• **Task brief**
What follows is a set of entries. Repeat them exactly, but not their pictures.

(Data extracted from a collection)

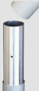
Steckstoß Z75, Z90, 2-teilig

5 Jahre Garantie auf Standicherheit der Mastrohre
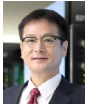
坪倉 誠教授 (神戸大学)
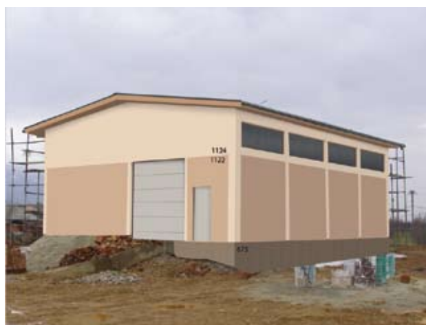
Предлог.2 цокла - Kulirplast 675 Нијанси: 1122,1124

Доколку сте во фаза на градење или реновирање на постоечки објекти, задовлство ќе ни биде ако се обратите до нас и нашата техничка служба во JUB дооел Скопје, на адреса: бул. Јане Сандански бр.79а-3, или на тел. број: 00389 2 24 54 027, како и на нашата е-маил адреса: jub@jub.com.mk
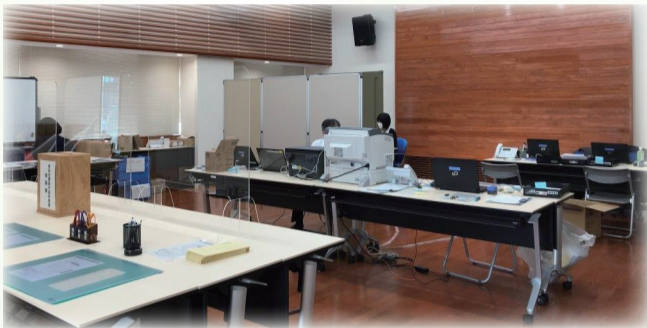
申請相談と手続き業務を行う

• **Exercise result**
Steckstoß Z75, Z90, 2-teilig

5 Jahre Garantie auf Standicherheit der Mastrohre
坪倉 誠教授 (神戸大学)
Предлог.2 цокла - Kulirplast 675 Нијанси: 1122,1124

Доколку сте во фаза на градење или реновирање на постоечки објекти, задовлство ќе ни биде ако се обратите до нас и нашата техничка служба во JUB дооел Скопје, на адреса: бул. Јане Сандански бр.79а-3, или на тел. број: 00389 2 24 54 027, како и на нашата е-маил адреса: jub@jub.com.mk
申請相談と手続き業務を行う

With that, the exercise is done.